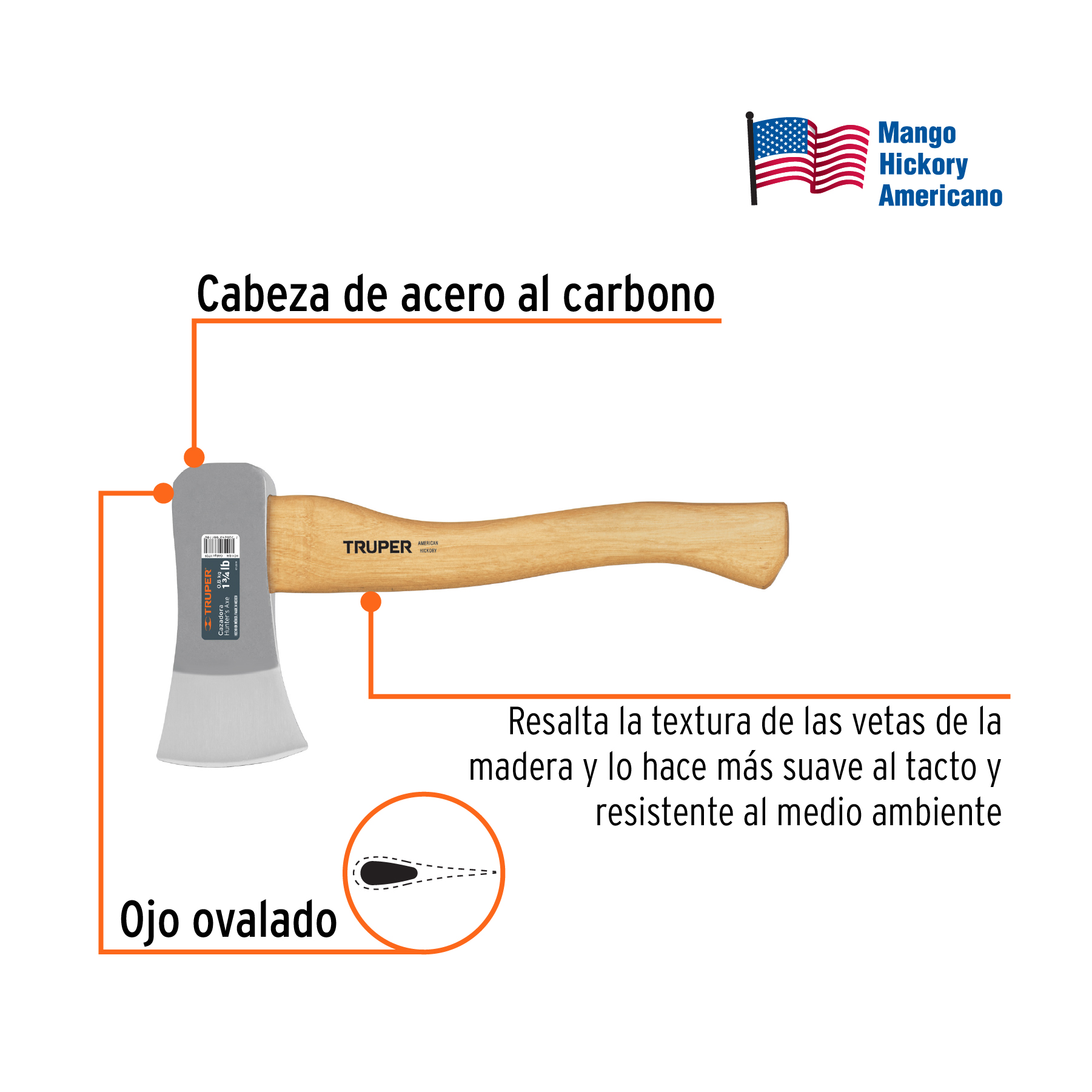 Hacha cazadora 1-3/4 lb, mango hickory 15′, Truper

+ + + + + + +

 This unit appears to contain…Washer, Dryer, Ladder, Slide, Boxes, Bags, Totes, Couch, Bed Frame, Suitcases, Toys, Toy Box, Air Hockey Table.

+ + + + + + +

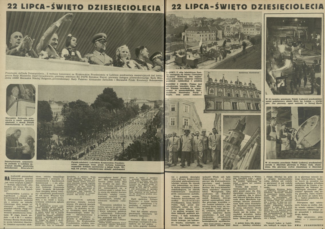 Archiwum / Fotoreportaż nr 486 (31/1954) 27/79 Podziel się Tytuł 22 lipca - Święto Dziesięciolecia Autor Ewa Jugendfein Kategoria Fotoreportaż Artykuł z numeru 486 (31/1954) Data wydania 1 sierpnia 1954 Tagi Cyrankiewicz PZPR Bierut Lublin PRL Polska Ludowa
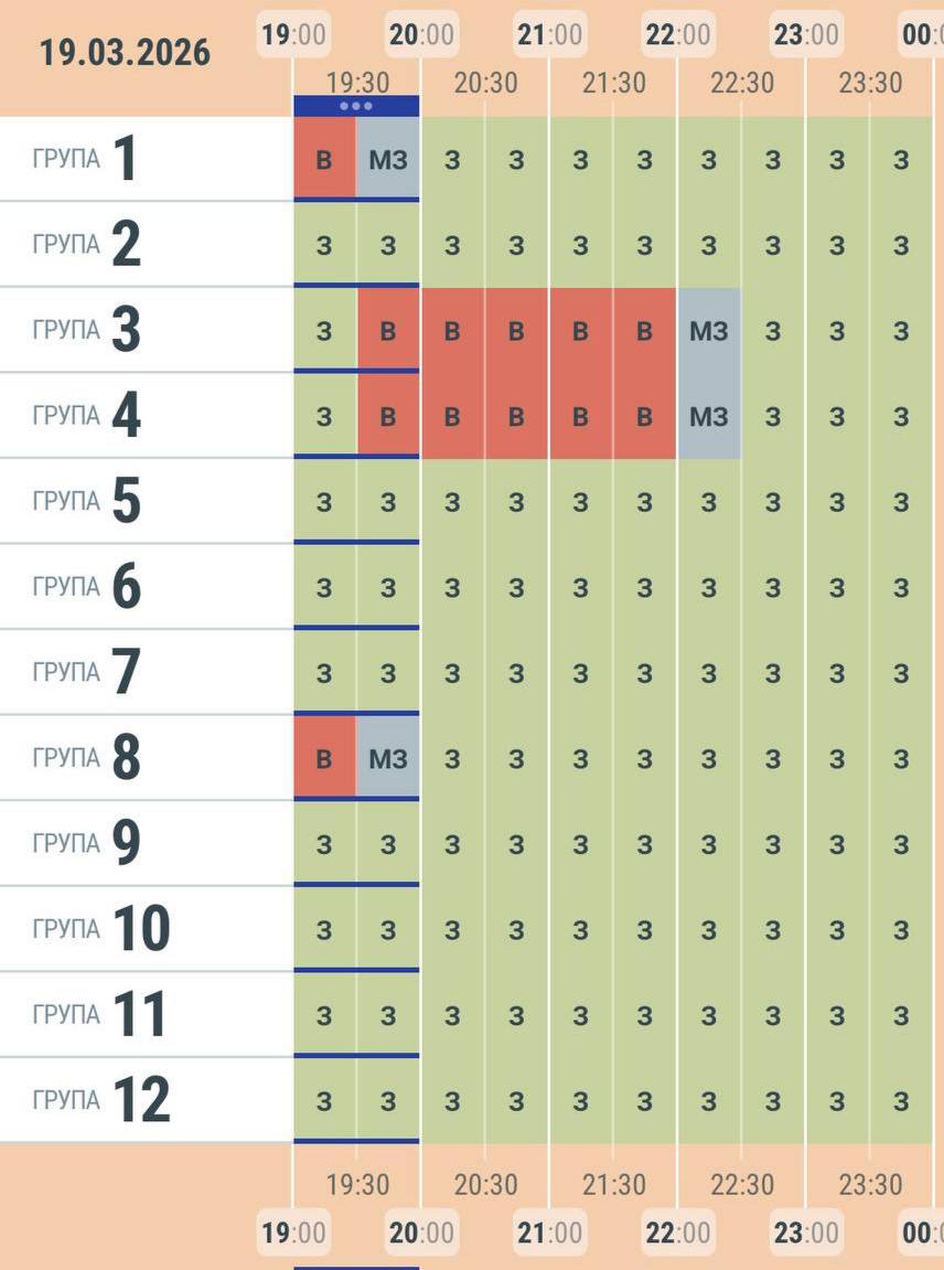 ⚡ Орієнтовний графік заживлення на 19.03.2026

+ + + + + + +

WHAT YOU SHOULD DO =
Would you give again, exactly, the lines in the data above that run from the line containing "Archiwum / Fotoreportaż" to the line containing "заживлення на 19.03.2026"? Include both ends and no pictures.

EXERCISE OUTPUT =
 Archiwum / Fotoreportaż nr 486 (31/1954) 27/79 Podziel się Tytuł 22 lipca - Święto Dziesięciolecia Autor Ewa Jugendfein Kategoria Fotoreportaż Artykuł z numeru 486 (31/1954) Data wydania 1 sierpnia 1954 Tagi Cyrankiewicz PZPR Bierut Lublin PRL Polska Ludowa
 ⚡ Орієнтовний графік заживлення на 19.03.2026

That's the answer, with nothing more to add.